Marshall relaxes back to the floor, and I don’t know why, maybe it’s because he’s the unlucky one in front of me right now, but I unload all my thoughts on him.
“I think that’s the problem—that he actually had a right to be mad at me this time, and he was relatively calm about it. Sometimes we can argue, and it doesn’t lead to anything more than a disagreement. And when that happens, I start to question whether I overreacted by asking for a divorce. I mean, I know I didn’t overreact. I know I didn’t. But he has this way of planting seeds of doubt in me, like maybe things could have gotten better if I just gave him more time to work on himself.” I feel bad that I’m laying all this on Marshall. It’s not fair to him because Ryle is his best friend. “I’m sorry. This isn’t your issue.”
“Allysa cheated on me.”
Marshall’s words stun me silent for a good five seconds. “Wh-what?”
“It was a long time ago. We worked through it, but dammit, it hurt like hell. She broke my heart.”
I’m shaking my head in an attempt to process this information. He keeps talking, though, so I try to keep up.
“We weren’t in a good place. We were going to different colleges and trying to make long distance work, and we were young. And it wasn’t even anything big. She had a drunk make-out with some guy at a party before she remembered how amazing I am. But when she told me… I’ve never been so angry in my life. Nothing had ever cut me like that did. I wanted to retaliate: I wanted to cheat on her, so she’d know how it felt; I wanted to slash her tires and max out her credit cards and burn all her clothes. But no matter how mad I was, when she was standing right in front of me, I never, not for one second, thought about physically hurting her.
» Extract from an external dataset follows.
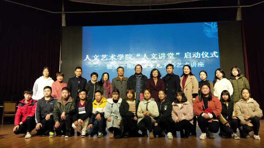 12月4日晚,beat365在线唯一官网“人文讲堂”启动仪式暨第一期汪京元教授艺术讲座在大学生活动中心成功举办。出席活动的领导及嘉宾有beat365在线唯一官网党总支书记卢臻、院长余永欢、副院长杨帅、代理副院长方朝阳、著名艺术大师汪京元教授以及beat365在线唯一官网全体教师和17、18级艺术类专业、学前教育专业的学生。本次活动由代理副院长方朝阳主持。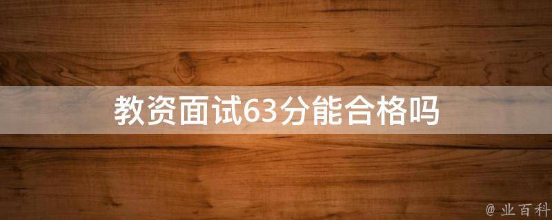 教资面试63分能合格。教师资格面试合格分通常是60分,但在教师资格证面试成绩报告单中,并不会显示分数,直接显示的是合格与不合格。面试合格后,会有相应的教师考试合格证明。

If anything, I just wanted to hug her and cry on her shoulder.”
Marshall looks at me with sincerity. “When I think about Ryle hitting you… I get absurdly angry. Because I love him. I do. He’s been my best friend since we were kids. But I also hate him for not being better. Nothing you have done and nothing you could do would excuse any man’s hands on you out of anger. Remember that, Lily. You made the right choice by leaving that situation. You should never feel guilty for that. Pride is the only thing you should feel.”
I had no idea how heavily any of this was weighing on me, but Marshall’s words lift so much weight off me, I feel like I could float.
I’m not sure those words could mean more coming from anyone else. There’s something about getting validation from someone who loves Ryle like a brother that’s reaffirming. Empowering.
“You’re wrong, Marshall. You’re pretty damn good at this.”
Marshall smiles and then helps me to my feet. He picks up his trash bags and I head back inside their apartment to find my daughter and hug her so tight.